Takasato, M; Little, MH. Dev Biol. vol. 420(2), 210–220. December 2016.
Directed differentiation of human pluripotent stem cells (hPSCs) can provide us any required tissue/cell types by recapitulating the development in vitro. The kidney is one of the most challenging organs to generate from hPSCs as the kidney progenitors are composed of at least 4 different cell types, including nephron, collecting duct, endothelial and interstitium progenitors, that are developmentally distinguished populations. Although the actual developmental process of the kidney during human embryogenesis has not been clarified yet, studies using model animals accumulated knowledge about the origins of kidney progenitors. The implications of these findings for the directed differentiation of hPSCs into the kidney include the mechanism of the intermediate mesoderm specification and its patterning along with anteroposterior axis. Using this knowledge, we previously reported successful generation of hPSCs-derived kidney organoids that contained all renal components and modelled human kidney development in vitro. In this review, we explain the developmental basis of the strategy behind this differentiation protocol and compare strategies of studies that also recently reported the induction of kidney cells from hPSCs. We also discuss the characterization of such kidney organoids and limitations and future applications of this technology.

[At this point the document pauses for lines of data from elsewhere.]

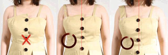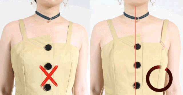 其实,这都是不同的肩带位置所带来的结果。当领型和吊带的粗细确定时,吊带的位置越靠近肩膀中间越显壮,越靠近肩膀两侧越瘦。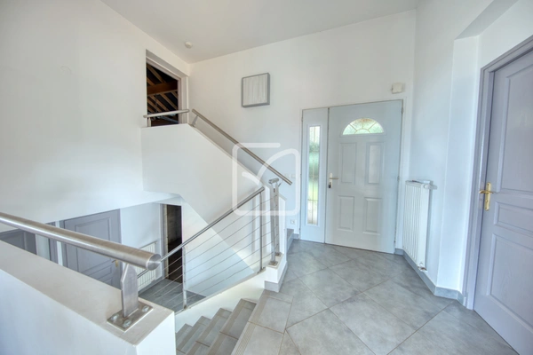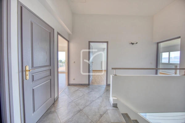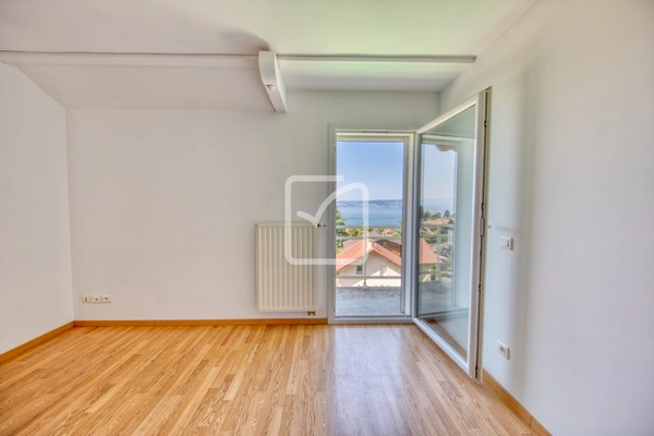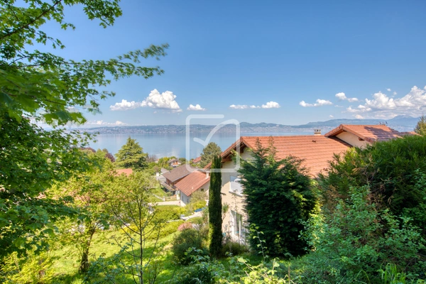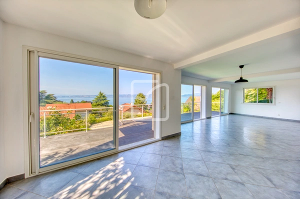 LUGRIN : Spacieuse villa contemporaine de 154 m2 édifiée en 2007, sur un terrain de 1560 m2, avec une très belle vue sur le Lac Léman. Située dans un quartier calme et recherché, à proximité des commodités et à 600m à pied du bord du lac, cette maison présente 5 pièces réparties sur 3 niveaux. Le niveau principal comprend un salon-séjour de 60 m2 avec une cuisine ouverte, donnant sur une terrasse surplombant la piscine. Lumineux grâce aux nombreuses baies vitrées, le salon offre une vue imprenable sur le lac. Cuisine américaine amenagée et équipée. À l'étage, 4 chambres, dont 2 suites (une avec une salle de bain + douche, et l'autre avec une salle d'eau), une deuxième salle d'eau, deux WC séparés, et une chaufferie. Au niveau supérieur, un grand garage double avec portes motorisées et 4 places de stationnement dans la cour. Les prestations comprennent des volets roulants automatiques, la fibre optique, un chauffage au sol dans la pièce de vie, une chaudière récente, et un adoucisseur d'eau.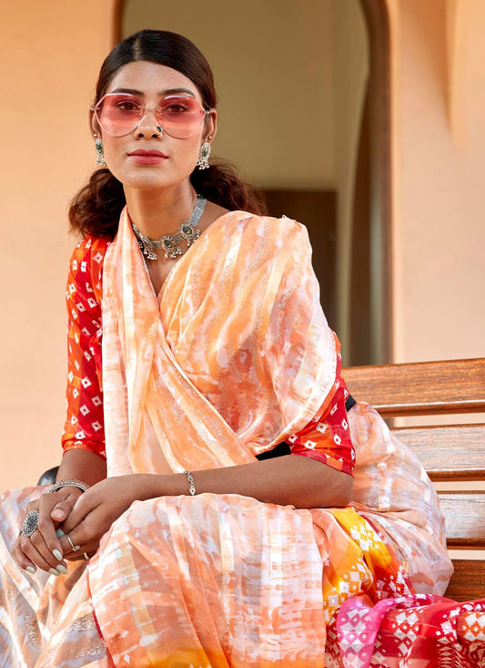 Contemporary Weight Less Orange Embroidered Saree
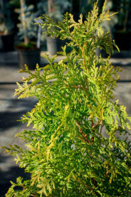Вічнозелене хвойне дерево родини кипарисових конусоподібної форми з щільною кроною, має яскраву, соковите золотисто-жовте забарвлення.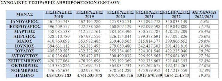 Σε ό,τι αφορά στις εισπράξεις (εξαιρουμένων των μη φορολογικών κατηγοριών), αυτές το 2022 έφτασαν τα 220 εκατ. ευρώ, ενώ την αντίστοιχη περίοδο το 2021 έφτασαν τα 295 εκατ. ευρώ (μείωση κατά 25,5%).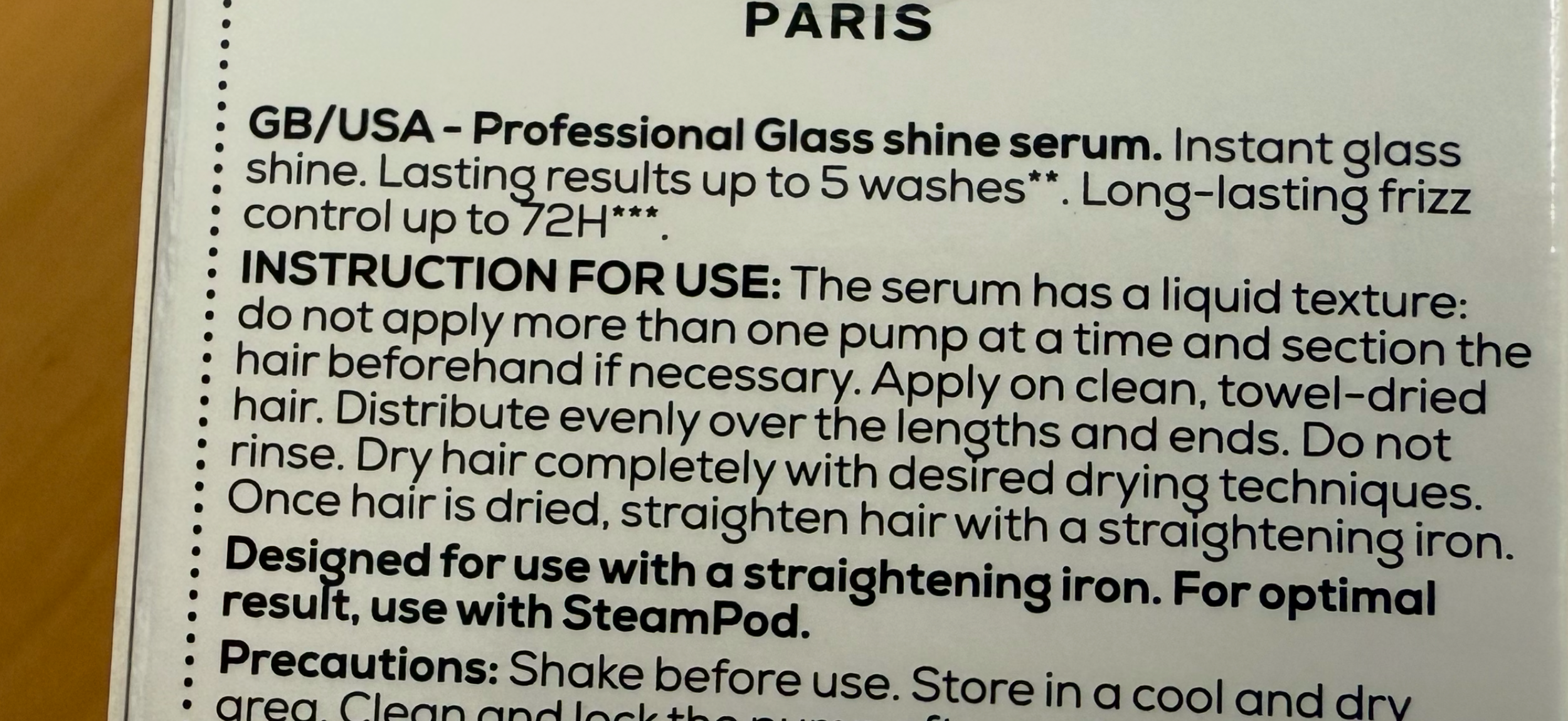 Packaging for a hair product: a white box with black text detailing instructions for use.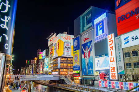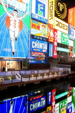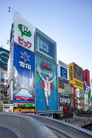 OSAKA, JAPAN - NOVEMBER 23, 2016 : The Glico Man billboard and other illuminated signboards in Dontonbori, Namba area, Osaka, Japan. Dotombori is popular nightlife and entertainment area in Osaka.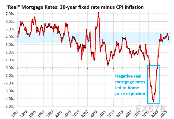 此次房价暴涨本质是美联储激进货币政策的产物:当时通胀已开始蔓延并一度逼近9%,美联储却将30年期固定按揭利率人为压低至3%以下,形成-3%、-4%甚至更低的负实际按揭利率——这一近乎“免费资金”的环境,导致购房者理性决策失效、价格敏感度大幅下降,而这一非理性繁荣终难持续。
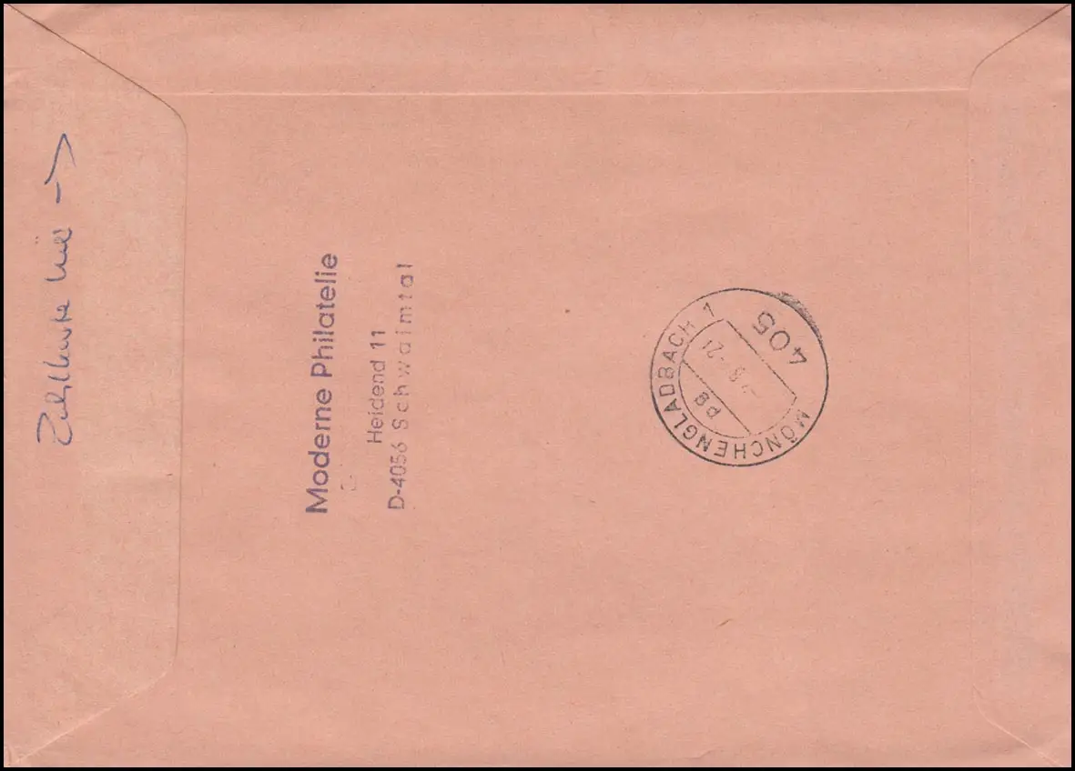 Wert-FDC per Nachnahme und als Eilsendung / Express nach Düsseldorf über MÖNCHENGLADBACH 1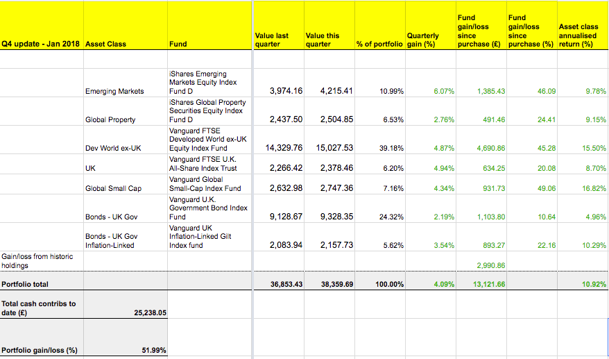 We’ll do that every quarter in 2018, although we’re only putting in £931.73 this time. Why? Because the rebalancing rejiggery equals a £3.27 contribution to Global Small Cap. That’s under our platform’s £50 minimum investment limit, so we’ve written it off for the sake of convenience.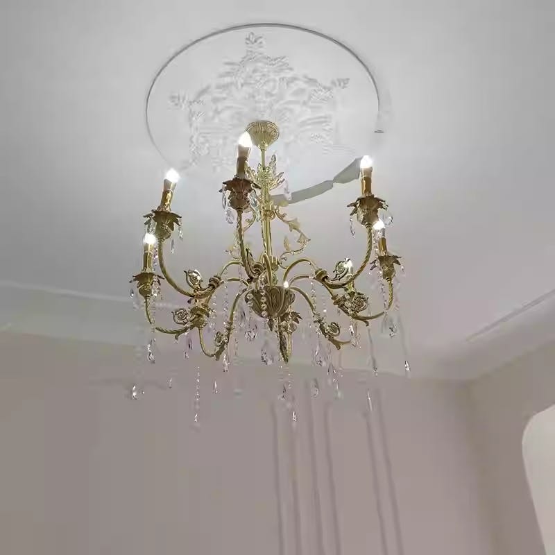 Our 30㎡ living room has a retro mix-and-match style, and this chandelier has become the "soul core" of the space! The 35×33-inch size hangs in the center of the living room. The warm gold of the brass complements the retro leather sofa and solid wood side table perfectly. The warm light of the 8 lamps shines through the crystals, illuminating the living room brightly and with layers. The light spots from the hanging crystals dance on the walls and floor. When we curl up on the sofa to watch TV at night, wrapped in warm light, there's a particularly elegant feeling like in old movies. Friends who come to visit all praise, "This lamp in your living room is wonderfully chosen — retro without being dull, just looking at it is very relaxing." What touches us most is the detail: the crystals are cut evenly, the curves of the brass lamp arms are smooth, and they still look brand new after half a year of installation. Now this lamp is the "visual anchor" of the living room, making the retro texture of the entire space stand out.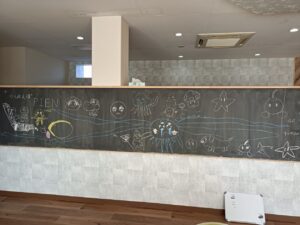 壁にある大きな黒板を使って宿題に取り組んだり、お絵描きを職員と一緒に楽しむ姿も見られます★★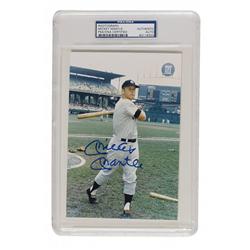 Color 5 x 7.5 photo of a young Mantle taking a practice swing in his road uniform, signed in blue felt tip. Encapsulated in a plastic PSA/DNA authenti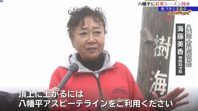 この秋の八幡平の紅葉を楽しむには少し注意が必要と八幡平市観光協会の海藤美香・事務局次長は言います。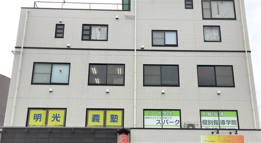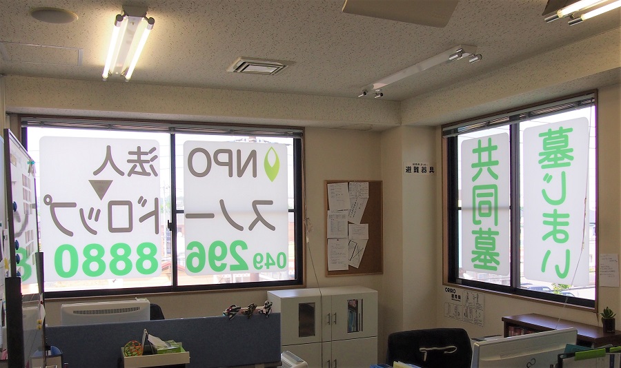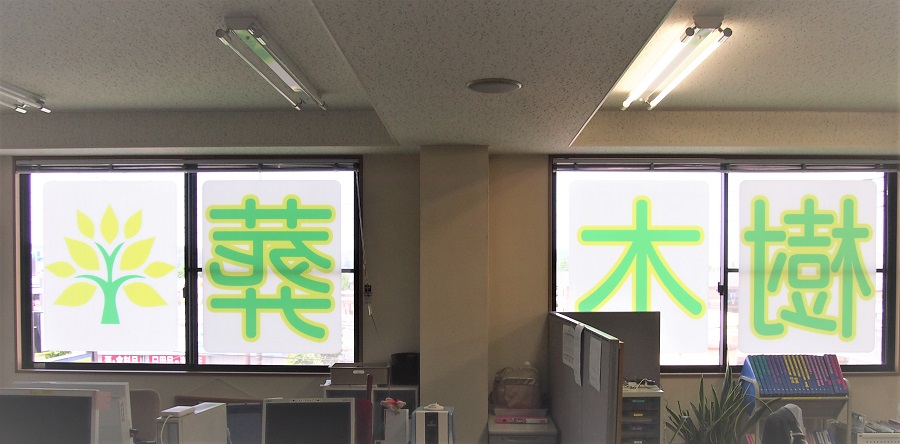 ‍ビル3F、オフィス窓部にオリジナルプリントシートを貼付。

Takasat, M; Er, PX; Chiu, HS; Little, MH. Nat Protoc. vol. 11(9), 1681–92. September 2016.
The human kidney develops from four progenitor populations-nephron progenitors, ureteric epithelial progenitors, renal interstitial progenitors and endothelial progenitors-resulting in the formation of maximally 2 million nephrons. Until recently, the reported methods differentiated human pluripotent stem cells (hPSCs) into either nephron progenitor or ureteric epithelial progenitor cells, consequently forming only nephrons or collecting ducts, respectively. Here we detail a protocol that simultaneously induces all four progenitors to generate kidney organoids within which segmented nephrons are connected to collecting ducts and surrounded by renal interstitial cells and an endothelial network. As evidence of functional maturity, proximal tubules within organoids display megalin-mediated and cubilin-mediated endocytosis, and they respond to a nephrotoxicant to undergo apoptosis. This protocol consists of 7 d of monolayer culture for intermediate mesoderm induction, followed by 18 d of 3D culture to facilitate self-organizing renogenic events leading to organoid formation. Personnel experienced in culturing hPSCs are required to conduct this protocol.